Local resistance to the imposition of these administrative regions by government only complicates the picture.  BM Taylor has discussed oppositional identities in regionalism where local interests come together around a regional identity for a particular purpose. The local resistance can be based on local opposition to an arbitrarily imposed regional identity by an administrative body, in this case the New South Wales state government or the ABS. He maintains that regionalism is strongest where other elements of place construction are acting to draw locals together based on a range of other factors including landform, economic factors, socio-cultural factors including common traditions, cultural background, histories, and other spatial considerations.[9]

Campbelltown Signage

Smaller regional identities

In reality Sydney’s west and south-west has a host of different smaller regional identities including the communities of Campbelltown, Camden and Picton, a form of local tribalism. Bernard Salt maintains that Sydney is ‘a city of tribes and precincts’, a product of the city’s geography and the values of its residents. Kirsten Craze identified seven tribes of Sydney including ‘the Might West’ while Sacha Molitorisz has identified eight youth tribes and sociologist Gabrielle Gwyther says Sydney’s west contains ‘mulitudes’ of groupings.[10] In 1996 a delegate at a local tourism forum stated that Sydney’s west ‘is too large an area to function with unity. What does Wollondilly have in common with Hawkesbury’.[11] These sub-regional identities are reflected in the local editions of the two principle suburban newspaper publishers across Sydney’s west and south-west. Fairfax Community Newspapers publishes five weekly mastheads in Sydney’s south-west and a further 12 local editions across the remainder of western Sydney, while News Corp stable, publishes 12 mastheads in Sydney’s west and south-west as well as 3 local editions in the Macarthur region under NewsLocal, a division of Nationwide News. These weekly newspapers regularly carry a host of local stories, advertisements and notices that reflect local identity and branding. They are the voice of the local community and act as a noticeboard, which is not a characteristic of the national daily newspapers. Community stores, which are personal and small-scale, are the lifeblood of these newspapers. In many ways these newspapers are purveyors of the gossip that circulates through family and inter-personal networks, the essence of the local.

Sterotypes and bogans

Sydney’s west and south-west have also been stereotyped as regions that are dangerous foreign places, a form of Otherness.  According to Diane Powell Sydney’s west is seen by some,, ‘as some kind of ‘third world’ space in relation to the rest of Sydney’.  Western Sydney ‘inhabitants are stigmatized, made ‘other’ – victims perhaps of disadvantage, but passive and often hopeless’.[12] Powell quotes a number examples of the Sydney media that portray the western suburbs as ignorant, illiterate yobs.

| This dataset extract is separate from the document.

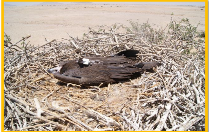
Chick with satellite tracker.

All six vulture species still found in Namibia are existing under pressure from several sources, with poison being the number one killer. Like vultures throughout Africa and other parts of the world, vultures continue to decline in numbers. In Namibia, the status of vultures, as defined by the International Union for conservation of Nature (IUCN), is as follows:

She goes further saying that ‘the many hundreds of newspaper clippings about the western suburbs I have collected illustrate a peculiar pre-occupation with people ‘living on the edge’.[13] One outburst by media commentator Eddie McGuire typified the attitude of many when he dismissed the western suburbs of Sydney as the ‘land of the felafel’.[14]  Sydney’s western suburbs, according to philosopher Michael Symonds,  are seen by many as ‘an ugly, barren wasteland’, to lack ‘beauty and a history of enchantment’ and the ‘tranquil prettiness of the leafy suburban home’ that can be found in the eastern suburbs, north shore or Sutherland Shire. The west is  ‘a cultural wasteland’ which was ‘ugly and dangerous’, the home of ‘the yobbo’, and the ‘westie’, who are part of the ‘otherness’ created by city folk.[15] Bruce Moore has stated that the term westie originated in the 1970s as a pejorative for someone living Sydney’s western suburbs and perceived to be socially disadvantaged and that the term bogan became common in the 1980s.  These perceptions are not helped by media headlines that portray the area as a type of war zone. Some examples include: ‘Man stabbed in Sydney’s west’ (Location: Parramatta); ‘Man short in Sydney’s west’ (location: Granville); ‘Man shot dead in Sydney’s west’ (location: Chester Hill); ‘Four men wounded in western Sydney shooting’ (location Smithfield); ‘A house and cars have been damaged in another shooting in Sydney’s southwest’ (location Lakemba); and ‘South-west Sydney ‘a recruitment for Islamic fundamentalists’ (location Auburn).[16]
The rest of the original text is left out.